The April fire left only the outer walls standing and demolition work on the interior has been completed. Reconstruction is expected to start in July, according to manager Cynthia Thomas, the grand-daughter of the founder. Construction plans will be submitted to the city on Friday and Thomas said an updated center could open by late October.
“You’re not going to recognize it,” when it opens its doors in a few months., Thomas said. No new features will be added, but everything will be updated, improved and up to Mission and Johnson County codes, she said.
“We are still going to have the same snack bar, front desk and arcade and everything that people have been accustomed to, it’s just going to be bigger and better and with a whole lot of pop,” Thomas said.
The miniature golf part of Mission Bowl is expected to open near the end of July, once electricity and plumbing are re-installed.
Since the April fire, Thomas and her staff have been splitting their time between their office trailer at the Mission location, and their Olathe Center. Thomas says the community support following the fire has kept her going through the past 10 weeks.
“The community has been amazing,” Thomas said. “Some of our seniors went out to our Olathe location and are currently bowling out there on Mondays, and my youth leagues are out there too. We even got letters from as far away as England and India [from] old-time customers [after the fire].”

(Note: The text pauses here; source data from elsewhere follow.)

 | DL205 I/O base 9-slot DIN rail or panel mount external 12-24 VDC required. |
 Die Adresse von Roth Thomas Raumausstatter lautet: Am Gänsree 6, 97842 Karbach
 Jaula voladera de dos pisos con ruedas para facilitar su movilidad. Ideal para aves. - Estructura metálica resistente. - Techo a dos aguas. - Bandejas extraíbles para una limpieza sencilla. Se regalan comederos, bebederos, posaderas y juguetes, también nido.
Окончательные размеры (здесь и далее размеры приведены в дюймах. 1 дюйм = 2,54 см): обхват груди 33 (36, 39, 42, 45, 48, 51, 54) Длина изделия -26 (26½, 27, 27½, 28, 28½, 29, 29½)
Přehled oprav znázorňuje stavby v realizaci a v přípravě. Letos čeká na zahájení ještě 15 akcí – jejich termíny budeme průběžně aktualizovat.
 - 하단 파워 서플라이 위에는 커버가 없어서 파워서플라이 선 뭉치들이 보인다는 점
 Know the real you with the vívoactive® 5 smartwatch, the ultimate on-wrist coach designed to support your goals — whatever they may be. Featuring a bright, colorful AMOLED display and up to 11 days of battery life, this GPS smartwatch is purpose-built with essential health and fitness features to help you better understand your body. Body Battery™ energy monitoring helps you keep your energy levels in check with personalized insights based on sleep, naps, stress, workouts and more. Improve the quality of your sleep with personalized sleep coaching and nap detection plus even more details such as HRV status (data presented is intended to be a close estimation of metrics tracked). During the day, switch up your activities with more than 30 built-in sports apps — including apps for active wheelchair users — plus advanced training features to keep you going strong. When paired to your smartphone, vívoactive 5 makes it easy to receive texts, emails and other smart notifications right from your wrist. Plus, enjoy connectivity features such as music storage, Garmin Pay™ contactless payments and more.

Mission Bowl has been in Thomas’ family for 58 years, going on four generations of ownership. The bowling center itself was built by her grandfather’s’ construction company in 1956. After he was paralyzed in a bricklaying incident, his family wanted to make sure he had a career to sustain the family.

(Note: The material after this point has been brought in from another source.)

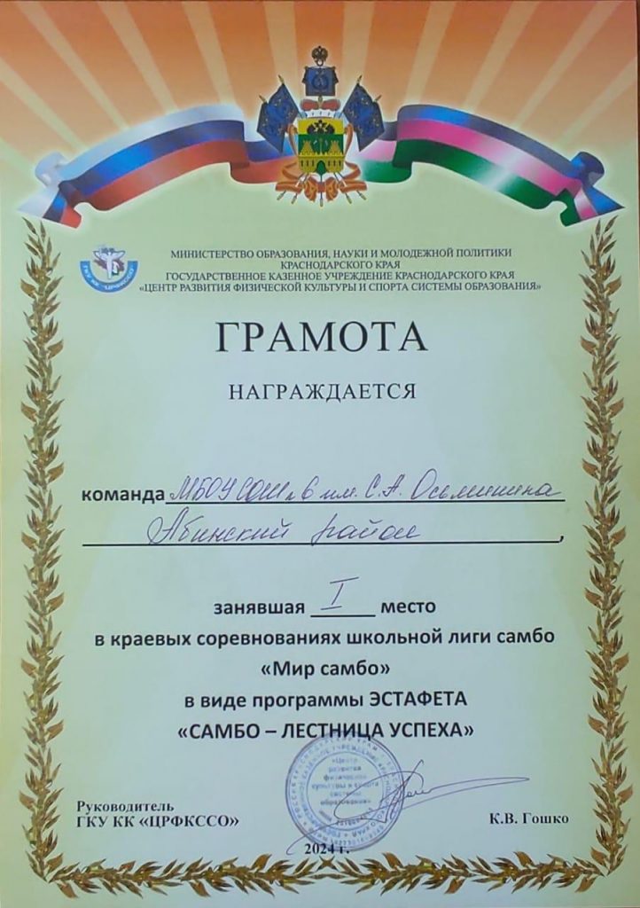 В фестивале приняли участие 10 команд общеобразовательных организаций Краснодарского края. Абинский район представляет команда школы 6 ст. Мингрельской, победитель муниципального этапа в виде программы эстафета «Самбо — лестница успеха» и прошедшая отбор на краевом уровне. Программа фестиваля была очень насыщенная и разнообразная. Участникам фестиваля необходимо было пройти за ограниченное время полосу препятствий, показать приемы самообороны без оружия, подготовить проектную работу «Роль личности в истории самбо» и показать технику самбо с танцевальными элементами «Демо самбо». По результатам фестиваля наша команда в общекомандном зачете на седьмом месте, а в виде программы эстафета «Самбо — лестница успеха» заняла I почетное место.
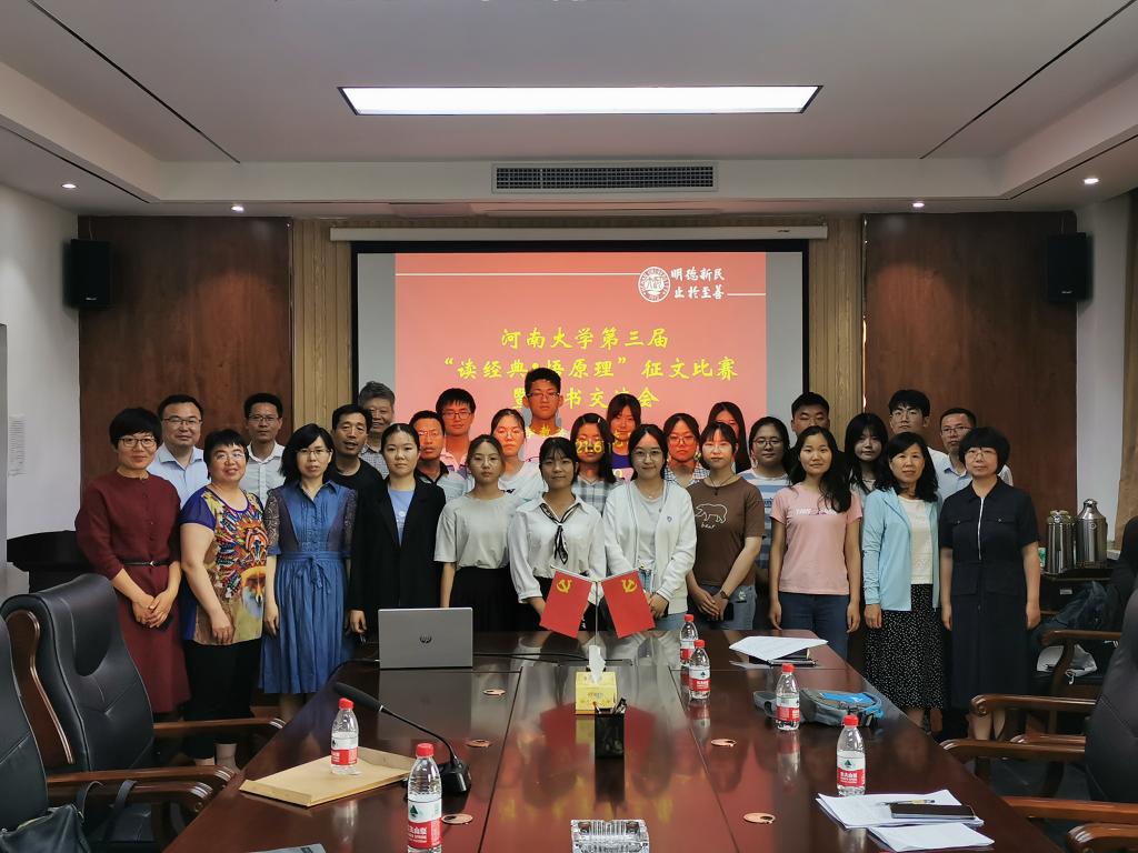6月10日下午,为了庆祝建党100周年,深入贯彻习近平总书记在党史学习教育动员大会上的重要讲话精神,在全校营造马克思主义经典著作的学习氛围,宣传马克思主义理论,培养大学生用马克思主义的立场、观点、方法分析和解决问题的能力,由世俱杯官方网站宣传部、教务处主办,世俱杯官方网站承办的世俱杯官方网站第三届 “读经典∙悟原理”征文比赛暨读书交流会在世俱杯官方网站三楼会议室顺利进行。出席本次交流会的嘉宾有世俱杯官方网站副院长张枫林、原理教研室的全体教师、河南省青马社团中国特色社会主义研究会会长刘颖澳。

It is now owned by Thomas’ parents and uncles and the fourth generation is about to start working there.
The outer walls were all that remained intact after the blaze, which Thomas credits to their sound construction. Although the inside of the structure was destroyed, the outer structure remained in “almost perfect” condition Thomas says, calling it a “blessing.”
She credits the first-responding firefighters with saving the structure of the building.
“If it wasn’t for the dedication of those firemen that had been in my location a thousand times to do their usual training out in the parking lot, I don’t know if our center would truly be standing here today,” Thomas said. “They saved what was really important. It could have been a whole lot worse, but were still standing and that means something.”
Now, Thomas says, she and the community members can’t wait to open the doors of Mission Bowl to the community once again.
“It’s really important to the community that we get this back open,” Thomas said. “But more importantly, to my family that we get this back open. I dont’ know if we would have made it this far without [the community’s] support these last 10 weeks.”